Now, about my previous blog…
Earlier this year, I wrote a blog about not signing your IEP. In that blog, I did not clearly state that my experiences and advice about not signing an IEP are #1) my opinion based on my own experiences, #2) in regards only to the State of California.
Why is this important?
Because as Iʼve said now a bunch of times, each state has different rules/regulations/laws.
Now, with that being said, let me re-tread some information from my previous blog:
In California, and in my experience, I do not sign my sonʼs IEP at the end of the IEP meeting.
My husband and I take it home and review it the next day or later that night. We have even sent it to our friends who write IEPʼs for a living and asked them to review it for us.
Then, we sign it and return it within 2-3 business days.
If, for some reason, we ever disputed the IEP and decided against signing it, the rule is—in the State of California—the old IEP will remain in effect until any dispute is settled and the new/revised IEP is signed.
Here is some more research regarding the State of Californiaʼs IEP process:
“Someone from the school system will be assigned to carry out and monitor each phase of the IEP. A written copy of the IEP must be given to the parents who must agree to the recommendations, either completely or partially, or it is not valid. If the IEP does not seem complete or accurate, parents can appeal the results through a process known as Fair Hearing. The school district must provide information on this process if it is requested.”
Is that everything I wanted to clarify?
I strongly stand by my previous advice (no matter what state you reside in) that you take the IEP home with you and review it post-meeting.

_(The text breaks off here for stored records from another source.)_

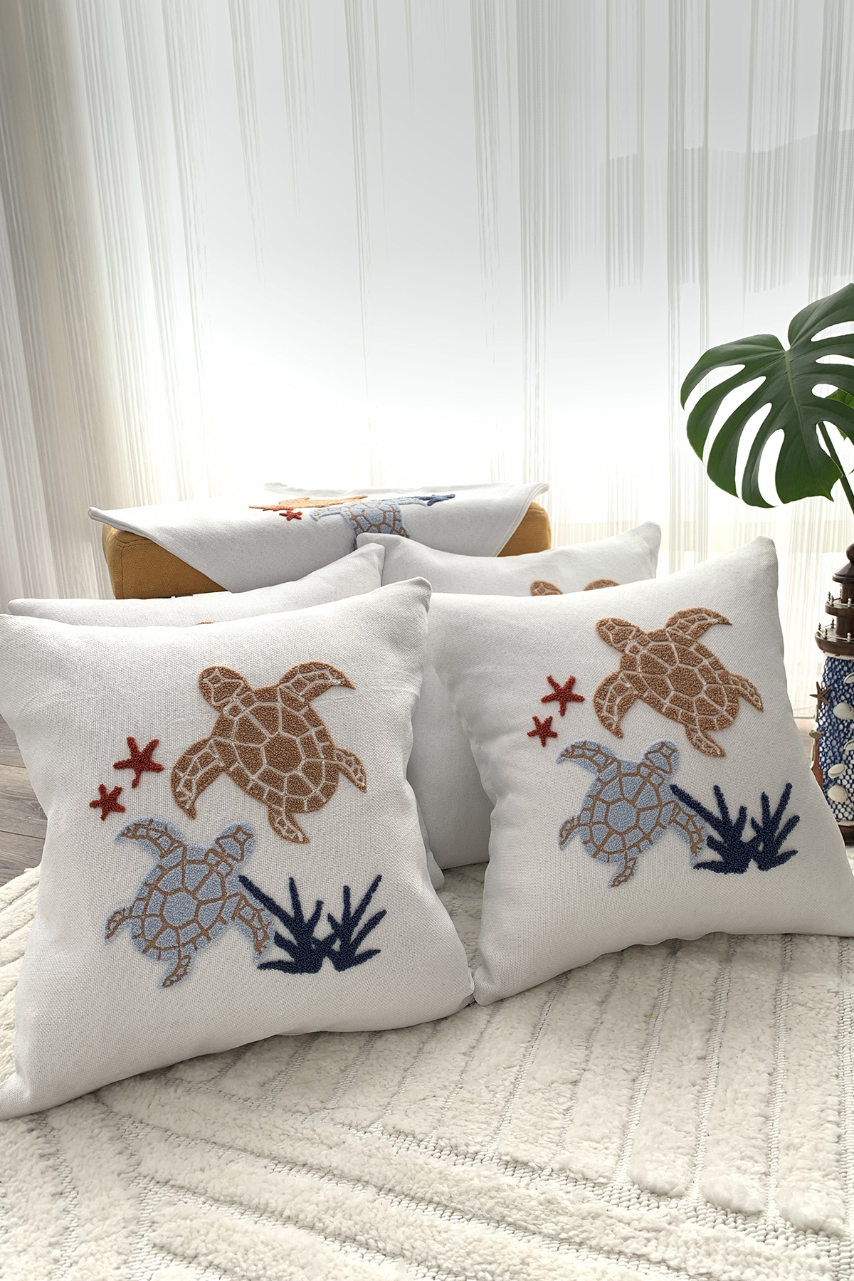 Volonte Kaplumbağalı Marin Desen Keten Dokuma Punch Nakış İşleme Bohem 4'lü Kırlent Kılıfı Volonte Kaplumbağalı Marin Desen Keten Dokuma Punch Nakış İşleme Bohem 4'lü Kırlent Kılıfı P1003DORTLU 40 x 40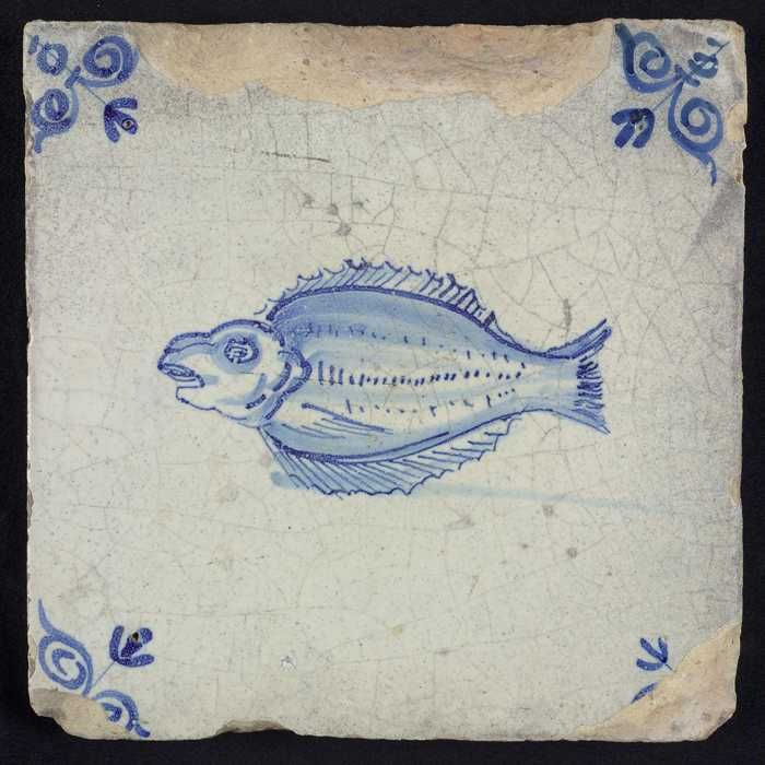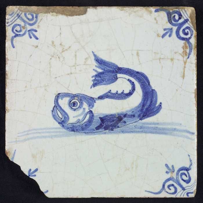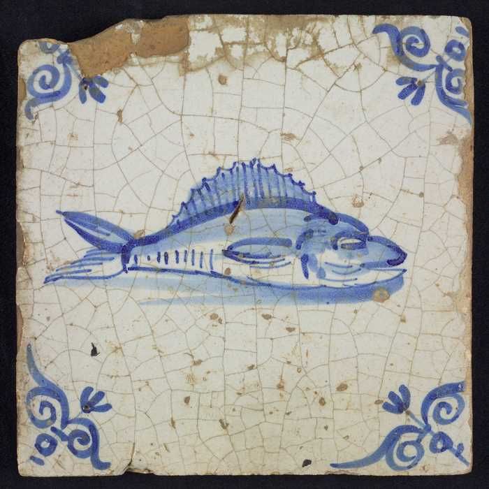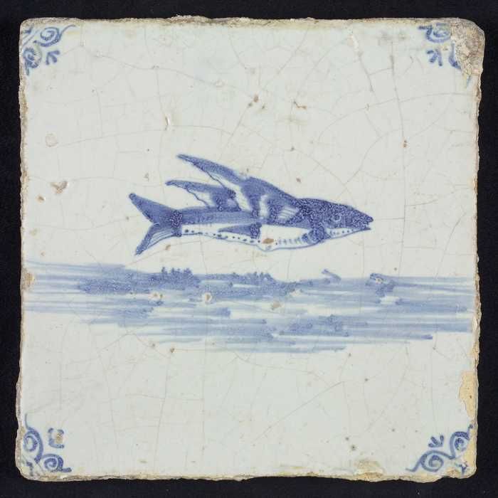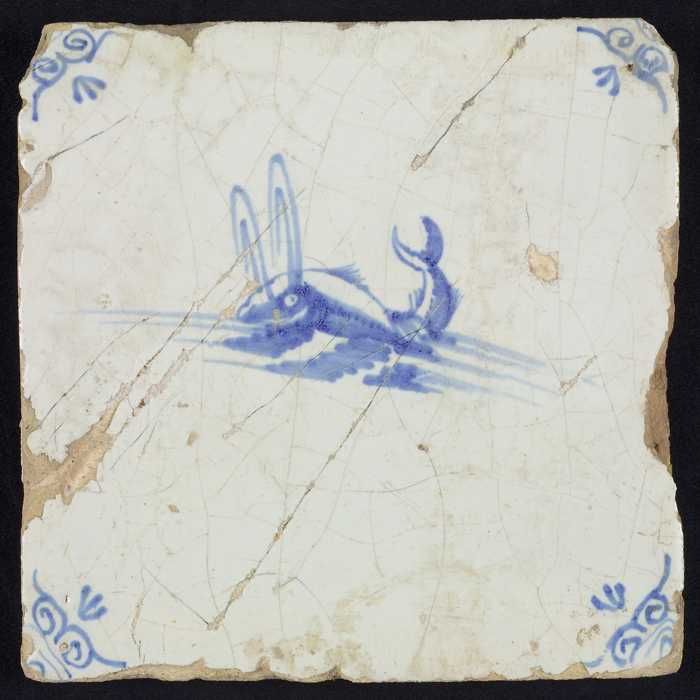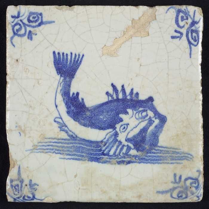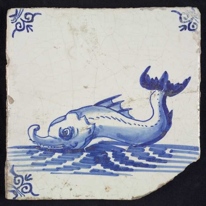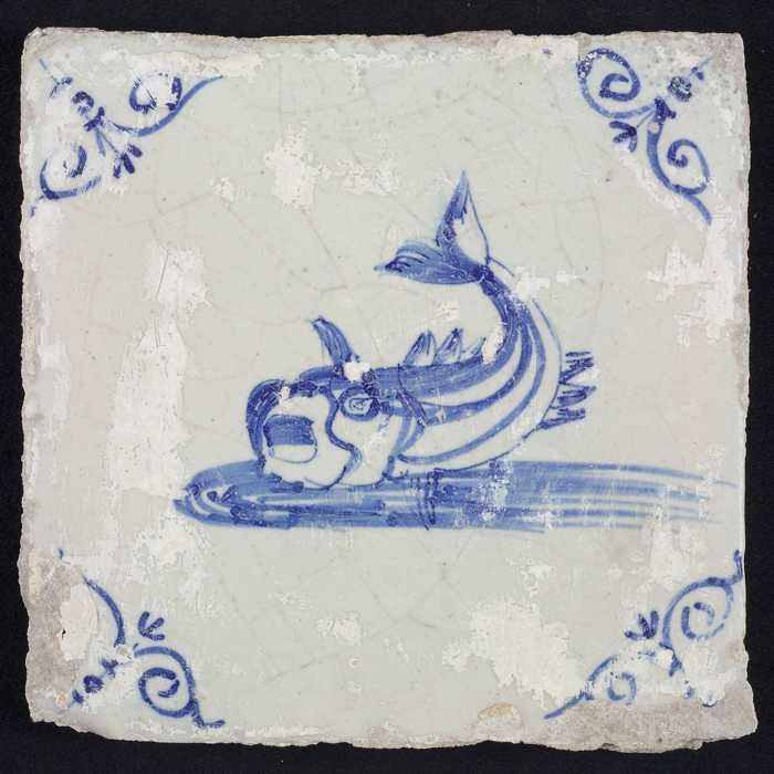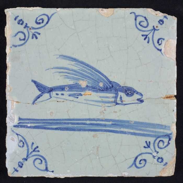 Dierentegel, vliegende vis, hoekmotief gesteelde oss...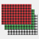 Classic Christmas colour buffalo plaid pattern wrapping paper multi set in black and white, bright red, and kelly green for 2024.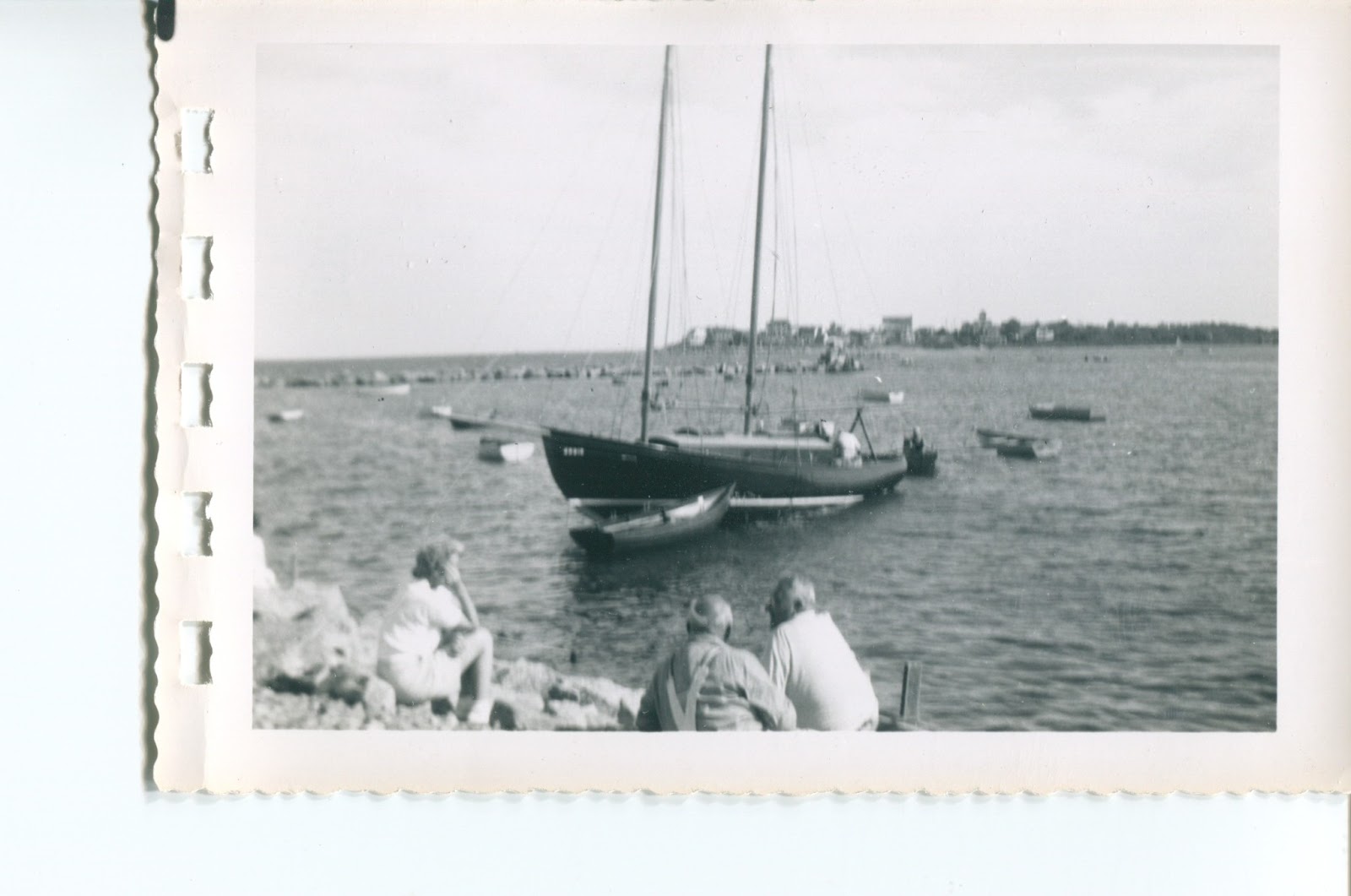 The weekend of July 6th saw a visit from Al Benzanson, owner of the schooner, Green Dragon, built on Lighthouse Road and launched from the beach into the Harbor in the fifties.  His son Andy and Andy\’s wife Amy were along side for a Sunday morning tour of the Light. Mr. Benzanson told me he was an avid blogger and offered a couple of links you might consider. The Green Dragon Facebook page can be found at:  https://www.facebook.com/SchoonerGreenDragon and http://goodmorninggloucester.wordpress.com/2013/05/22/elsie-crew-1921/.  We were thrilled to have the have a chance to spend some time with this family who were here as the centerpiece of the Antique Boat Show cosponsored by the Scituate Historical Society and the Scituate Harbormaster\’s office.  Here is a shot of the Green Dragon going into the water way back when.

An IEP meeting is exhausting. My advice is go home, read the IEP at home, confer with your advisors, get fresh eyes on it, and then sign it if you feel it is acceptable.
Return it within a reasonable time frame.
However, remember that different states have different rules/regulations/laws about how long you can go without signing your IEP and/or how long you can keep it in our possession. For example, there might be a deadline imposed for you to return a signed IEP (like two weeks). Check with an authority who knows your particular state rules/regulations/laws if you want to take it home with you.
Additionally, here is a bit more information from my home state of California:
In California, parents and students who are 18 and over have certain rights pertaining to special education, including the right to:
- Request special education, initiating the IEP process
- Participate in the development of the IEP
- Be informed of all options and alternatives, including non-public as well as public programs
- Receive prior written notice when the school district initiates or refuses to initiate the IEP process, or makes any changes in special education assessment or placement
- Consent or refuse consent to assessment, implementation of special education services, and any changes to special education services
- Have an interpreter present during IEP meetings, if deaf or not a native English speaker
- Assessment methods which are not culturally biased or discriminatory
- Independent educational assessment at public expense if you disagree with the assessment conducted by the school district
- Inspect, review, and obtain copies of your child’s educational records
- Keep your child in his current placement for the duration of any dispute with the district regarding a change in placement
- A Due Process hearing when needed if you feel that your child is not receiving FAPE
- Mediation in place of or prior to a due process hearing; mediation cannot be used to delay your right to a due process hearing
- File a complaint with the California Department of Education against your school district if you believe it is in violation of the law; the Department must investigate and issue a written report within 60 days
- Be informed of discipline and alternative placement; your child cannot be denied FAPE for disciplinary reasons
Iʼm covering this topic again because itʼs important.
I want to be clear. But, most of all, I need to emphasize that all of my experiences are based in one state, California. Please make sure you understand what the requirements of your particular state.